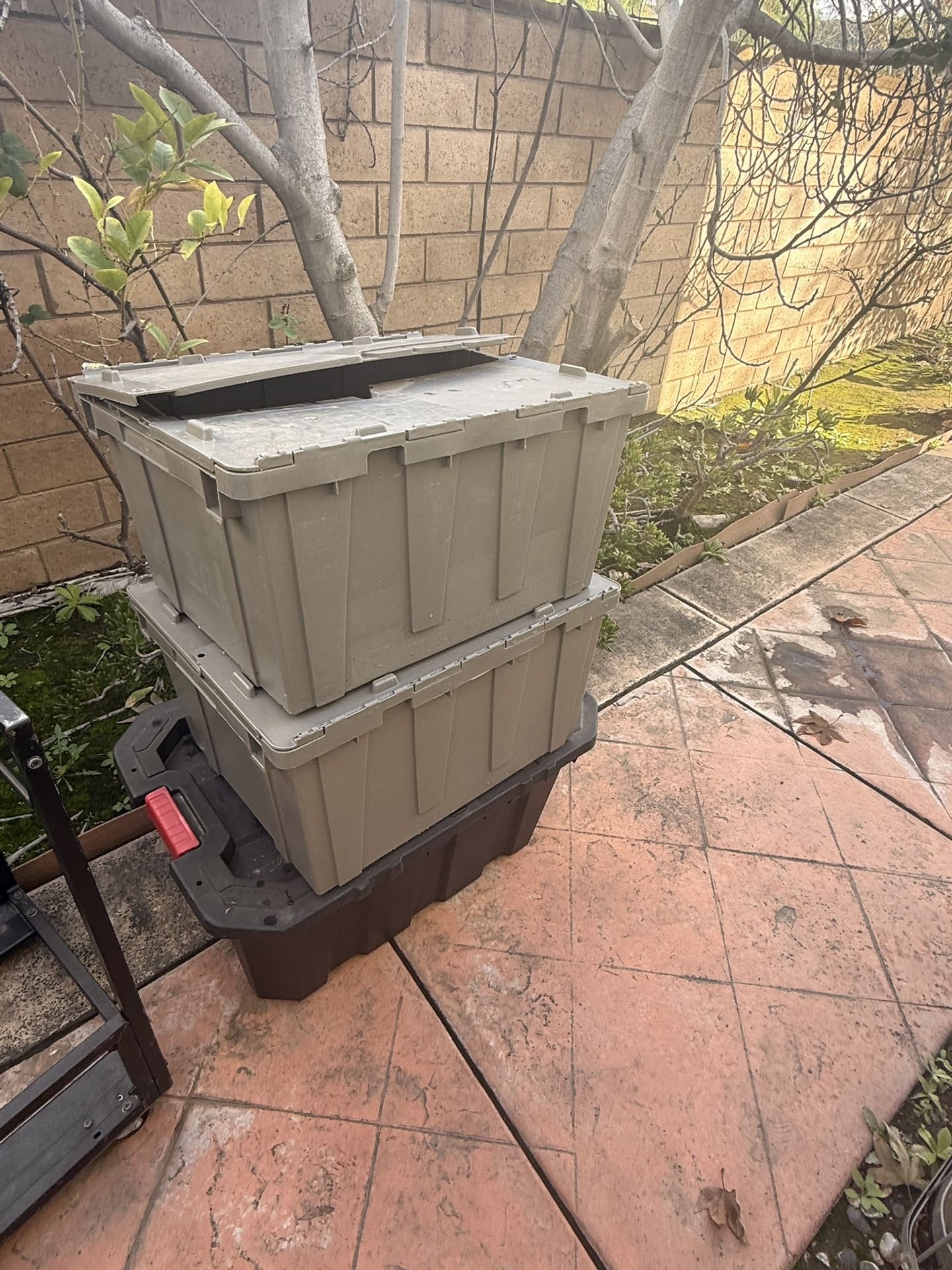 5 sturdy plastic storage bins w dolly for easy transporting. Price is per each bin
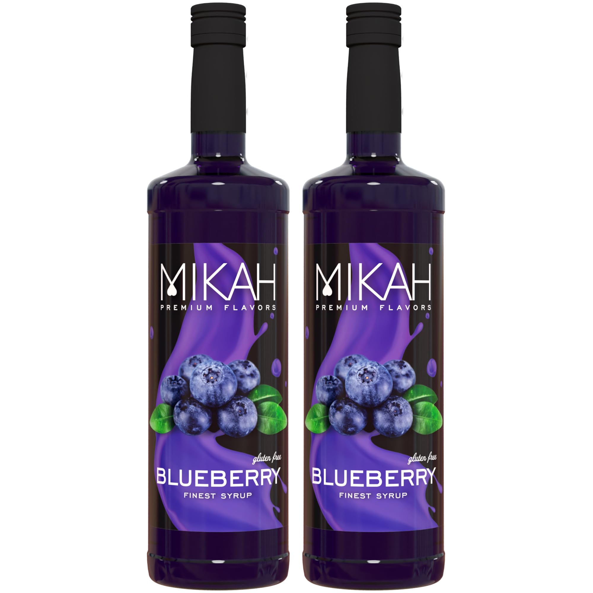 Mikah - Premium Flavors - Blueberry (Blueberry) x2 | Syrup for drinks and desserts | Professional use | 2 bottles of 1 liter (2x1000ml)
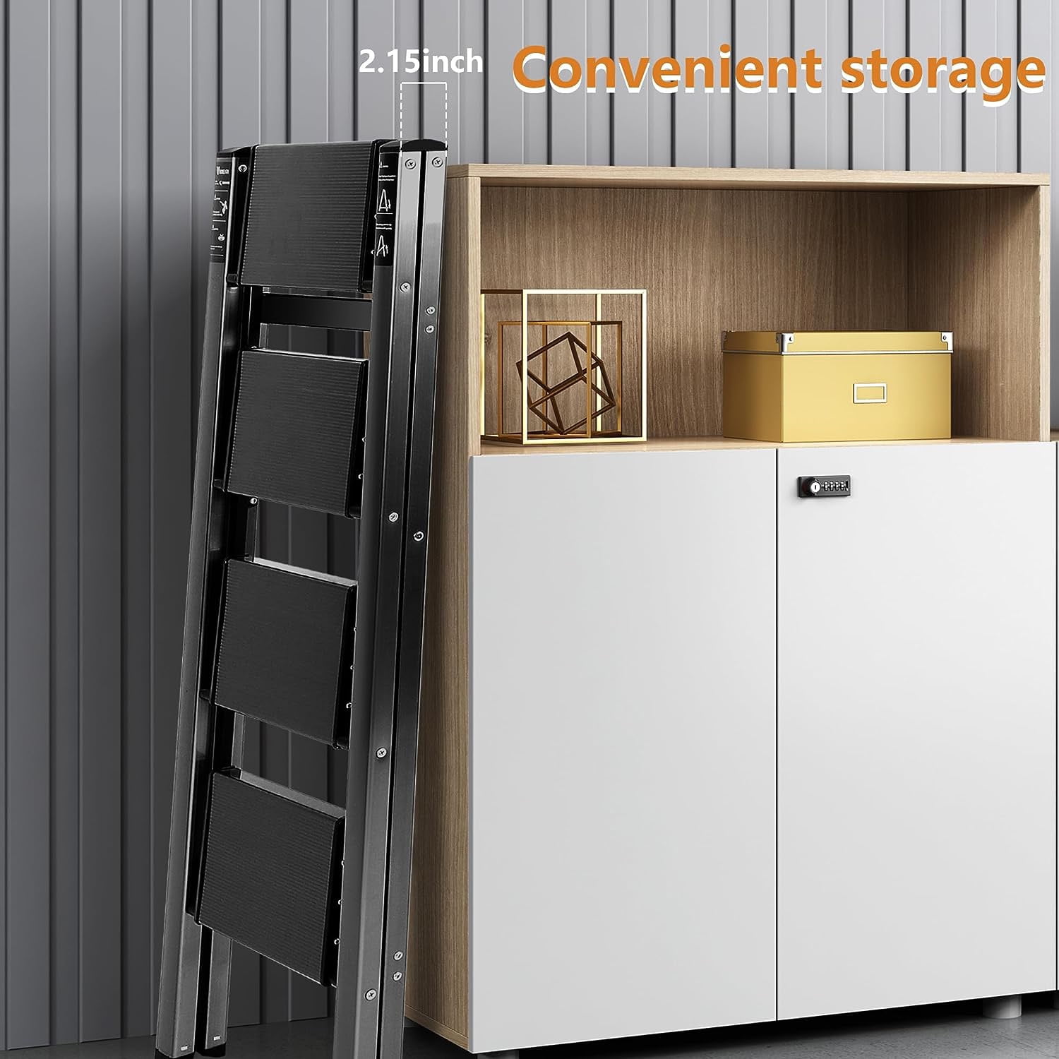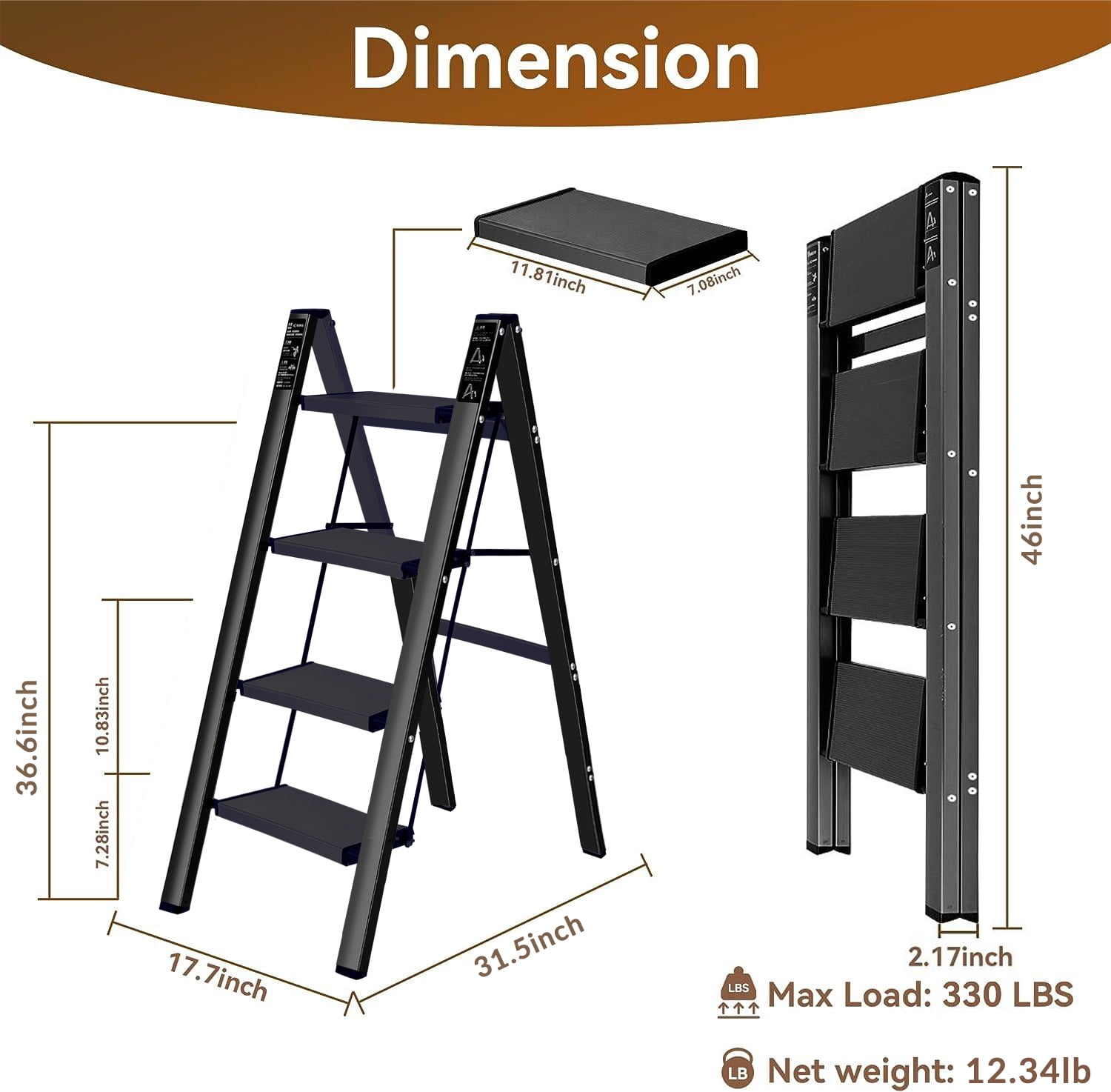 Lightweight Compact Ladder – Fold thin to 2.1 inches. Easy to store behind a door, under sofas, in the closet, and accessible for use.Sturdy Aluminum Step Ladder – Made of aircraft-grade aluminum, the ladder is lighter and the weight capacity is up to 330 pounds. The embedded beams between the frame ensure that the ladder will not shake and triangular structure support is stable when you climb the ladder.Non-slip Treads and Feet – Your feet are relaxed when stepping on the rungs. The rubber feet are also anti-slip processed, suitable for kinds of floors, and prevent scratches.Free of Installation – Comes fully assembled. Quickly open and fold in secs. Easy to climb as going up the stairs. You can easily reach the high place now.

→ **Task objective**
The expected output is an exact copy of the lines from the top of the data above through the line containing "Mikah - Premium", both included, with every picture omitted.

→ **Exercise answer**
 5 sturdy plastic storage bins w dolly for easy transporting. Price is per each bin
 Mikah - Premium Flavors - Blueberry (Blueberry) x2 | Syrup for drinks and desserts | Professional use | 2 bottles of 1 liter (2x1000ml)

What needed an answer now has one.